I have built a FCN-8s network for semantic segmentation with pytorch. When I evaluate networks inference speed, I found something strange as followed:
I define the network firstly:
model = FCN32s(NUM_CLASSES=20)
model = model.cuda()
model.eval()
Next, I define a tensor for input, and then run the network for 200 times and calculate the average inference time. Here something strange happened.
When I define the input tensor outside the loop as followed, the average inference time is 0.017s (i.e. 58.8 FPS).

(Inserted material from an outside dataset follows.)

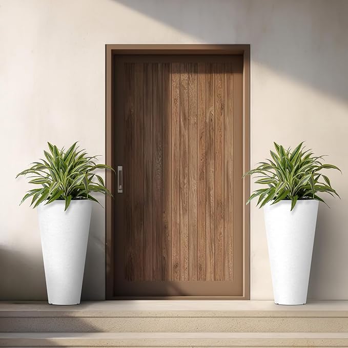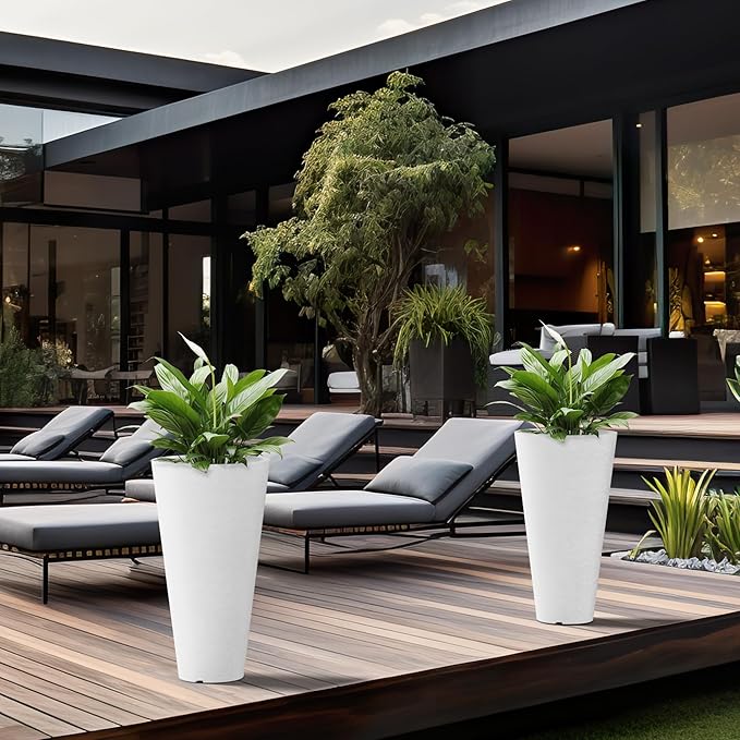 Kante Tall Round Planter Set of 2, 23 Inch Tall Decorative Planter Pots for Outdoor Indoor Garden Patio Front Porch (White)

batch = torch.FloatTensor(1, 3, 512, 1024)
batch = batch.cuda()
inputs = Variable(batch, volatile=True)
for i in range(1,201):
pre_time = time.time()
outputs = model(inputs)
time_used=time.time() - pre_time
However, when I define the input tensor inside the loop as followed, the average inference time is 0.0024s (i.e. 417.7 FPS).
for i in range(1,201):
batch = torch.FloatTensor(1, 3, 512, 1024)
batch = batch.cuda()
inputs = Variable(batch, volatile=True)
pre_time = time.time()
outputs = model(inputs)
time_used=time.time() - pre_time
The results are very different! Why does this difference happen and what is the true inference speed of network? Thanks!